In almost every endeavour it is difficult to determine what constitutes the ”best practice,” but this is particularly true in specialist areas such as spare parts management. Whether your key issue is reducing working capital or ensuring parts availability (or both), if you don’t understand where you stand right now it is impossible to work toward achieving best practice.
For many companies, developing a spare parts management system is bit like starting a journey without knowing where they are or where they are going. All movement looks like progress.
The following stages of excellence ladder has been developed to help you identify both where you are now and what you need to do to reach the next level of performance.
LEVEL 5 – Leader: The top rung of the ladder. Leaders will already have in place a robust and rigorous approach to spare-parts inventory management. Your challenge, therefore, is to focus your efforts on continuous improvement and training to ensure your success is not due to the discipline of one or two key individuals but rather the culture around spare parts management.

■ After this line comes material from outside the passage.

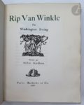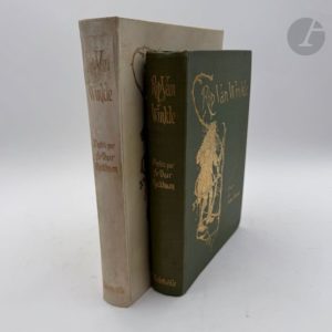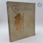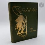 RACKHAM (Arthur) - IRVING (Washington). Rip Van Winkle. Paris : Hachette et Cie, 1906. — In-4, parchemin rigide d’édition, orné de fers spéciaux dorés sur le premier plat et le dos, tête dorée, non rogné. Édition illustrée par Arthur RACKHAM (1867-1939) de vignettes en noir et de 50 planches en couleurs contrecollées sous serpente légendée, dont une en frontispice. Un des 200 exemplaires numérotés sur papier Whatman. Restauration à la partie supérieure du dos, ayant partiellement effacé le nom de l'auteur. Manque les liens. - On joint le même titre paru la même année avec les mêmes illustrations, au format grand in-8 et en cartonnage vert de l'éditeur, non numéroté, bien conservé malgré quelques minimes défauts au cartonnage.

LEVEL 4 – Manager: At this level you have not yet fully developed and implemented inventory management policies and procedures or engaged fully with all those involved in inventory management decision making and execution. Your next steps should be to focus on the completeness of your policies, procedures and processes and then training all personnel in the correct execution and implementation of these.
LEVEL 3 – Administrator: As an administrator you have a very transactional approach to spare parts inventory management. Administrators ensure the bookkeeping is essentially correct but usually are not very proactive in ensuring stock levels are within their set parameters. Administrators often do well in one or two areas and from that convince themselves everything is OK. You will have lots to do to improve, so you must decide where to prioritize your improvement efforts.
LEVEL 2 – Band-Aider: As the name suggests a Band-Aider spends time applying corrective fixes to problems and issues that arise but not sufficient time and effort to implementing a lasting repair. Users generally have a low level of trust in the system and it almost goes without saying that they will not be engaged or accountable for their decisions affecting inventory levels. You need to begin building trust in the system by implementing some lasting changes that address the frustrations of your users. This should provide the springboard to lift you to higher performance.
LEVEL 1 – Firefighter: This is the lowest rung, so let’s be honest here: You have a lot of work to do, not just to reach the best practice but also to establish some control over your spare parts inventory. Start by working on storeroom administration and control, then policy and procedures, then inventory management process.You may be spending most of your time, energy and money expediting emergency orders, so you will need to ensure you get the right level of management support to allocate the time and resources get some momentum in your drive to best practice.
Identifying your position on our stages of excellence is the easy part. The real work starts when you decide you are going to develop your systems to move up the ladder.